Привѣтствую тебя царица съ бѣлоснѣжною грудью и огненными глазами… Куда ты смотришь такъ жадно съ могучихъ стѣнъ Трои?.. Елена… прекраснѣйшая изъ женщинъ, твоя роковая красота покорила гордыя башни Иліона. Не думаешь ли ты, что огонекъ, свѣтящійся вдали точно кровавая звѣзда, мерцаетъ въ шатрѣ твоего оскорбленнаго супруга…

…Посылаетъ погребальный костеръ Патрокла и мрачный Ахиллъ смотритъ гнѣвными глазами на виднѣющіяся вдали стѣны Трои… Близокъ конецъ, о, царица… Твоя роковая краса навлекла гибельна Иліонъ… и судьба уже изрекла неотвратимое fiat… Горе! горе!

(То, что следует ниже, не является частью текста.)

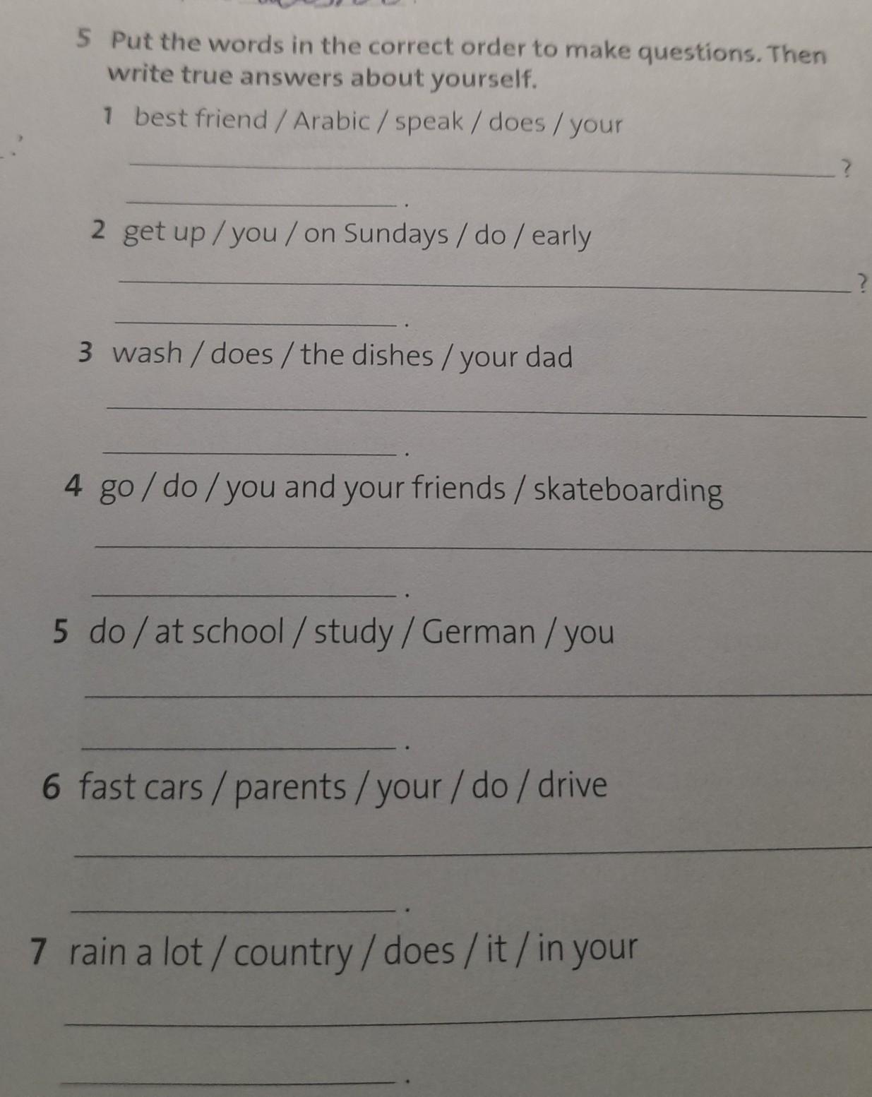 Объяснение: 1Does your best friend speak Arabic 2 Do you get up early on Sunday 3 Does your dad wash the dishes 4 Do you and your friends go skateboarding 5 Do you study at school German 6 Do your parents drive fast cars 7Does rain a lot in your country
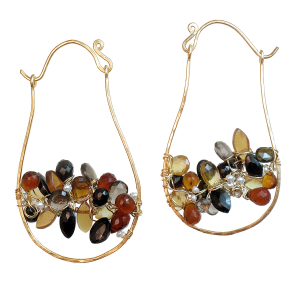 Hammered drop shapes wrapped with black spinel, mandarin garnet, whiskey quartz, citrine, about 2".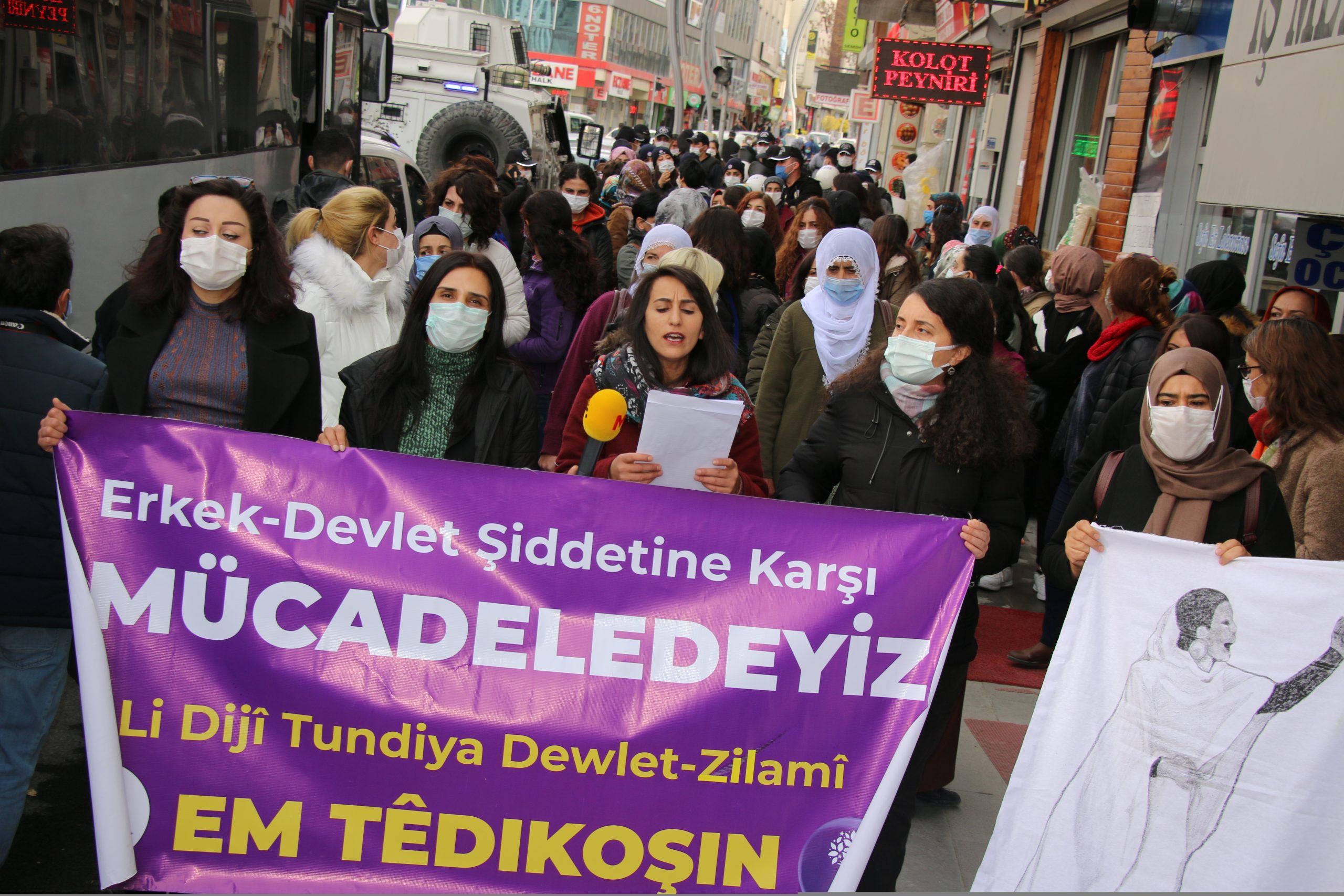 Semsûr İl Kadın Platformu, Demokrasi Parkı’nda açıklama yaptı. Açıklamada “Yasta değil isyandayız” pankartı açan kadınlar, “Jin jiyan azadî” ve “Korona değil erkek şiddeti öldürür” dövizlerinin yanı sıra, katledilen kadınların fotoğraflarını taşıdı. Basın metnini Avukat Aysu Avcı okudu.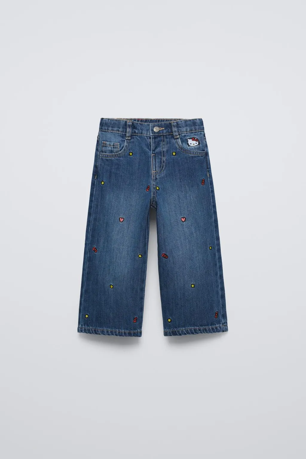 Jeans con cinturilla interior ajustable y cierre botón frontal. Bolsillos delanteros y de tipo plastrón en espalda. Detalle bordados HELLO KITTY ©.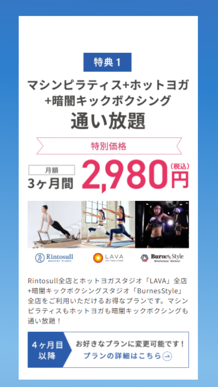 かなりお得なキャンペーン中で3ヶ月間1,980円(税込)でマシンピラティス+ホットヨガ+暗闇キックボクシング通い放題!入会金、登録料0円なので入会するならRintosullが本当におすすめです!

…Хитроумный Улиссъ, скажи мнѣ, куда ты стремишься?.. Въ Итаку!.. Отталкивай корабли отъ троянскихъ береговъ… Распускай паруса для десятилѣтнихъ скитаній, и поплывемъ по бурнымъ пучинамъ опаснаго моря въ твоему родному острову… Какъ бурлитъ и пѣнится безбрежное море. Что за пурпурная полоса виднѣется вдали… Лотофаги… (Здѣсь дневникъ невозможно разобрать). Вонъ нимфы играютъ въ кристальныхъ водахъ… сверкаютъ ихъ бѣлыя тѣла, окутанныя прядями распущенныхъ волосъ… Итака… Причаливай въ желанному берегу, гдѣ ожидаетъ тебя вѣрная Пенелопа… Ахъ, Итака!..

…О, звуки музыки… легкіе шаги дѣвушекъ-рабынь, разносящихъ цвѣты… варварскій блескъ пурпура и золота… воинственныя фигуры римскихъ солдатъ… и она — нильская змѣйка — идетъ къ своему любовнику-римлянину… А, Клеопатра… Египтянка… Онъ съ яснымъ лицомъ простираетъ въ тебѣ руки, онъ покоритъ міръ для тебя, чернобровая цыганка… Слышишь, какъ гремитъ музыка… Онъ идетъ… Антоній.

. . . . . . . . . . . . . . . . . . . . . . . . . . . . . . . . . . . . . . . . . . . . . . .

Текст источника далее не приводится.